Arsenal to PRZEGRYWANIE.
Ożesz w mordę, wyobraźcie sobie sytuację, która zdarzyła się naprawdę. Mamy Aubameyanga. Chłop potrafi dużo, także grać w piłkę, inaczej nie wydanoby na niego ponad 60 baniek w brytyjskiej walucie. Tenże Aubameyang gra w Arsenalu. Arsenal wygrywa pierwszy mecz z Olympiakosem 1:0. Drugi przegrywa 0:1. Jest więc dogrywka. W dogrywce strzela, ale też daje sobie strzelić w 120 minucie. Awans nagle ucieka.
I tenże Aubameyang – przypominamy, 60 baniek, uciekający awans – ma na bucie… coś takiego.
Kurza stopa, jak można tego nie strzelić? Jak można mieć na bucie uniknięcie takiej kompromitacji jak odpadnięcie z Ligi Europy (!) z Olympiakosem (!!) na etapie 1/16 (!!!) i tak to zmarnować? Chryste, ta sytuacja będzie śniła się Gabończykowi po nocach. Tak samo jak rzut rożny, po którym Cisse wpakował piłkę głową z taką łatwością, z jaką na porannym treningu nakłada klubowe dresy. Tak samo jak strzał El Arabiego, który uciekł obrońcom Arsenalu jak dzieciakom. Tak samo jak spartaczone sytuacje Lacazette’a czy Pepe. A przecież Aubameyang mógł być kryzysowym bohaterem. To on strzelił gola dla londyńczyków w końcówce. I to jakiego – nożycami! Chwilę później trzeba było jednak zrobić coś znacznie prostszego. I tego nie zrobił.
Widocznie szybko przesiąknął filozofią klubu. Arsenalu, jesteś niepodrabialny.
Arsenal – OLYMPIAKOS 1-2 (2-2 w dwumeczu)

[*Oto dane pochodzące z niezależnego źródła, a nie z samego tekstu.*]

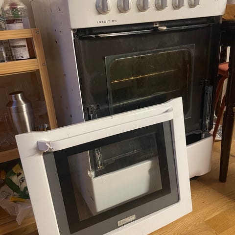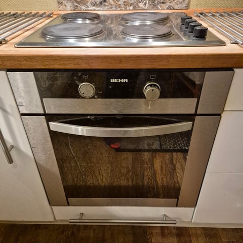 Komfyren er godt brukt, fra dødsbo. Kjøper må vaske komfyren selv, bære den ut av leiligheten og hente selv.
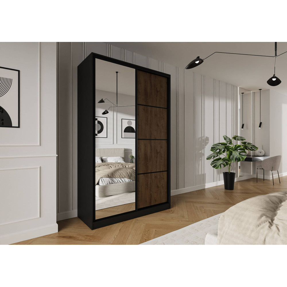 Szafa przesuwna Trend 6 150 Czarny mat + Dąb Lefkas

113′ Aubameyang – 53′ Cisse, 120′ El Arabi
***
Instynkty drzemią w każdym z nas. Zwykle są one głęboko ukryte. Na co dzień o nich nie wiemy. Uświadamiamy sobie ich istnienie w sytuacjach kryzysowych, niecodziennych, gdy musimy podejmować krytyczne decyzje. O swoim instynkcie przekonał się dzisiaj obrońca Club Brugge, Simon Deli. O instynkcie bramkarza.

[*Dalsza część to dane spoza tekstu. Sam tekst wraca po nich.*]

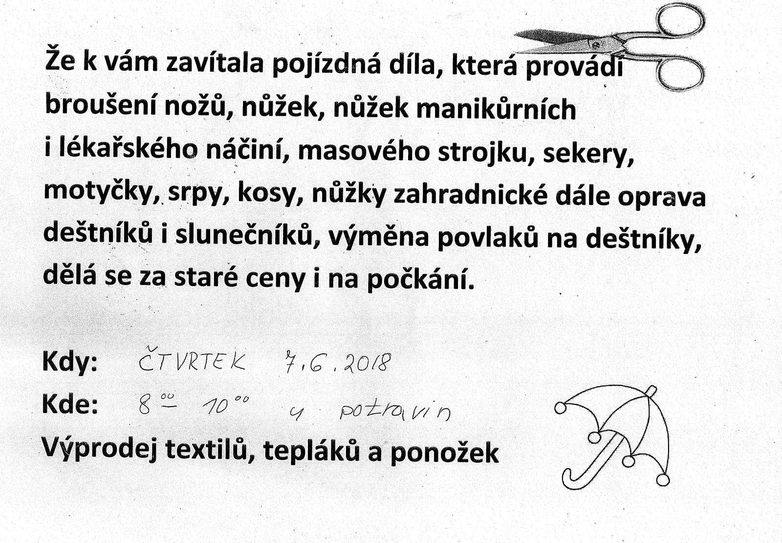 Úvod > O obci > Aktuality > Pojízdná dílna - broušení nožů, nůžek, seker, opravy deštníků...

Rany, co to była za interwencja! Znamy bramkarzy, którzy pozazdrościliby Iworyjczykowi refleksu. Zresztą, obczajcie sami.
Technika? Jest, dobrze ułożone ciało, poprawnie wyciągnięta ręka. Refleks? Świetny, przecież napastnik stał ledwie kilka metrów obok. Sędziemu prywatnie mogła nawet podobać się ta interwencja, ale niestety dla piłkarza Club Brugge – był właśnie w pracy, więc podjął jedyną słuszną decyzję, którą zweryfikował jeszcze na wozie VAR.
Głupota kosztowała karnego (wykorzystał go z charakterystycznym podskokiem Fernandes) i wyrzucenie z boiska.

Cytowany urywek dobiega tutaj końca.